BIG data has been the big tech issue of the last year and this trend is set to continue as volumes of transactional data continue to grow.
So what do people mean by big data? The definition is largely subjective and refers to datasets of a size that is beyond the ability of typical database tools to capture, archive, and manage. Sources can include human and machine generated unstructured data such as logfiles, semi-structured such as documents and structured relational data. Rather than being defined in terms of “greater than x terabytes”, as storage and the capacity of database tools increases, so will the definition of what constitutes big data.
Information is now growing at a faster rate than our electronic systems improve (Moore’s Law states that that the number of transistors that can be placed inexpensively on an integrated circuit can be expected to double approximately every two years).

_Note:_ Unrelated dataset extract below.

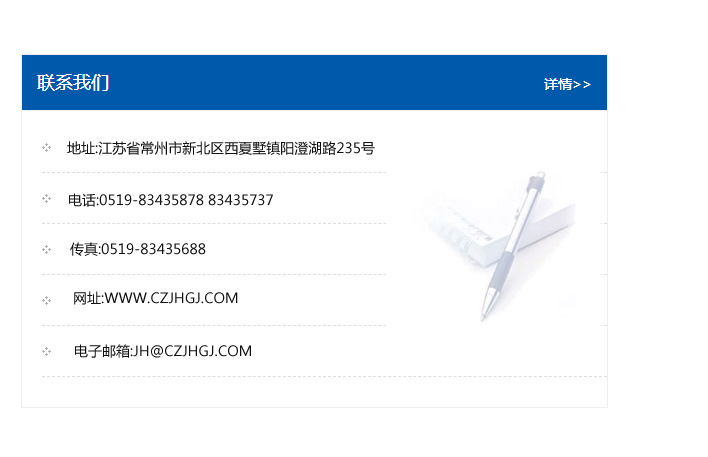 傳真:0519-83435688    郵編:213135    網址:WWW.czjhgj_com.hbzmyh.com    電子郵箱:JH@czjhgj_com.hbzmyh.com

According to IDC estimates, the average enterprise will need to manage 50 times more information by 2020 while increasing IT staff by only 1.5 per cent – a challenge that businesses will have to respond to in an efficient manner.
BIG DATA AND FINANCE
In the financial sector, the stipulations of ever mounting layers of regulation – such as the Markets in Financial Instruments Directive review (Mifid II) – as well as increased volumes of data are driving the requirements for exponentially increasing data storage and analysis. “On some days in 2011, data volumes were almost double that of the previous day,” says Simon Garland, chief strategist at Kx Solutions. “In addition, events such as the flash crash have brought wild, short-term increases in data volumes to the forefront of concerns, while problems in the Eurozone have resulted in market instability and therefore increased volatility.”
ABOVE AND BEYOND
Beyond simply achieving regulatory compliance for transactional reporting and best execution, companies should also be focusing on making big data analytics work for their business. Through data intelligence mining and analytics, behavioural modeling and inference-based decisions, big data can be used to provide a competitive advantage.
In the finance sector, financial risk modeling, near real-time financial analysis and cyber security and threat analysis can all be given the edge with the aid of big data sets and powerful analytics. “With big data, none of it can be discarded,” says Garland. “All of it must be analysed, tick by tick. The institution that does that will spot market opportunities which someone just working with aggregated data could miss.”